A fork of the Llama recipes repository. See the original repo for more information.
Running this script will require you to have a Hugging Face account. If you don't already, you can create one here: https://huggingface.co/
.
This assumes you are able to login to either Snellius or Della using the command line.

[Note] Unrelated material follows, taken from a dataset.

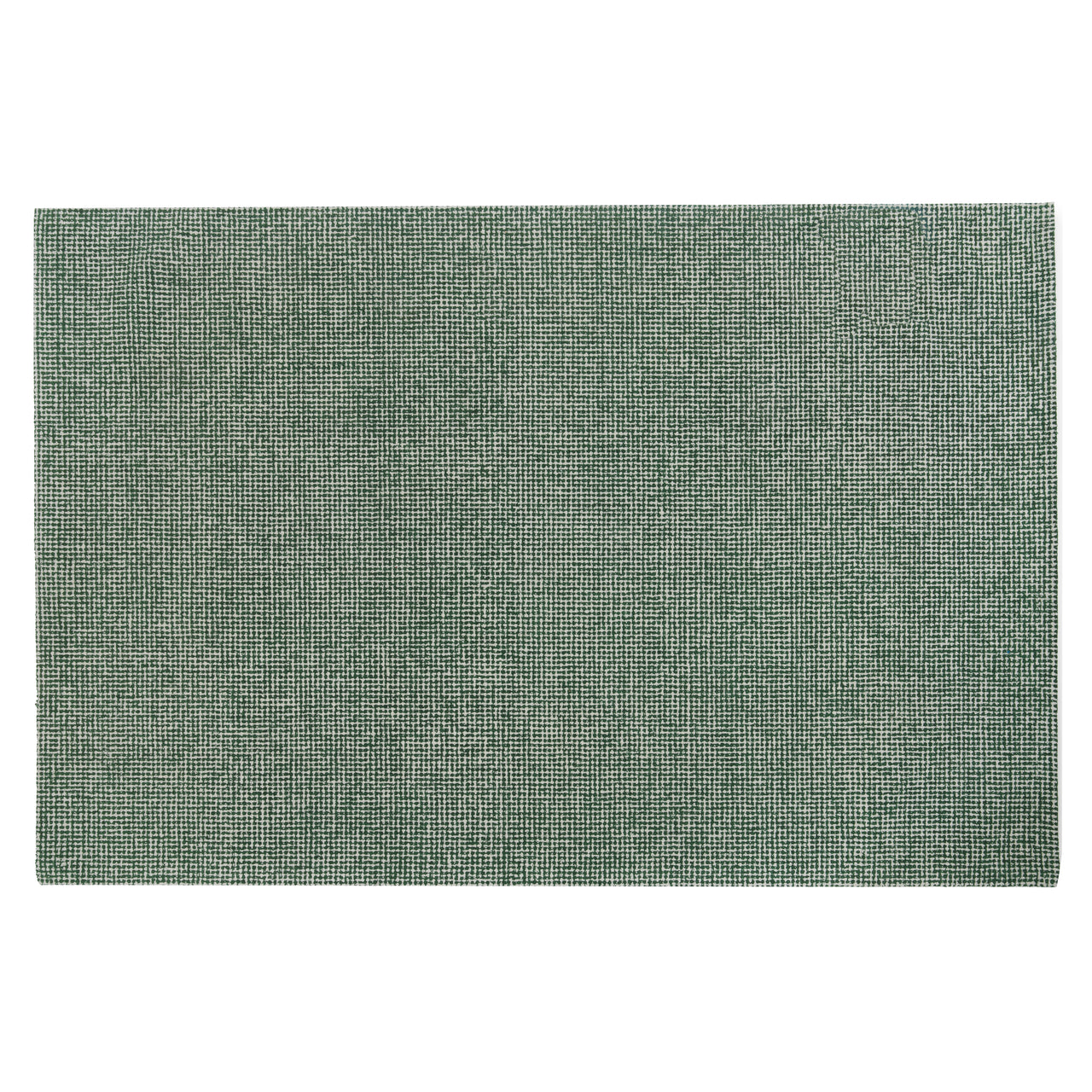 The Flick Rug is made from 100% recycled post-consumer PET yarn, repurposing plastic waste into a soft and durable floor covering. The yarn is spun from short textile fibers, creating a fine material that resists shedding and is easy to maintain. Featuring a subtle, mottled pattern, the rug is available in sand, dark grey, and versions with hints of green and blue. It comes in 3 sizes to fit different spaces.

To set up the enviironment in Snellius, you first need to run this command in a terminal window:
module load 2023
module load Python/3.11.3-GCCcore-12.3.0
To set up the environment in Della, you first need to run this command in a terminal window:
conda deactivate
module load anaconda3/2024.2
If you want to run the fine-tuning code, you will need to ensure that you are in the della-gpu
login node.
Create a folder named cruijff
using mkdir cruijff
. Because we will be downloading big files, you should ensure that you locate the folder in the part of the disk that is allocated for storage. For example, in Della this would be /scratch/gpfs/<USER>
.
Navigate to cruijff
and then install this repo from Github in this directory:
cd cruijff
git clone https://github.com/varunsatish/llama-recipes-fertility
Install the requirements into a new virtual environment:
python3 -m venv ~/.cruijff
source ~/.cruijff/bin/activate
pip install -r llama-recipes-fertility/requirements.txt
cd llama-recipes-fertility
pip install -e .
Once you have created an environment and downloaded the packages, to activate the environment you only need to run:
source ~/.cruijff/bin/activate
Make sure you have your Hugging Face access key ready. To obtain this, log into Hugging Face, navigate to "settings" and then "access tokens".
huggingface-cli login
Follow the instructions to log in with your access key. You can select n for the question about Github access.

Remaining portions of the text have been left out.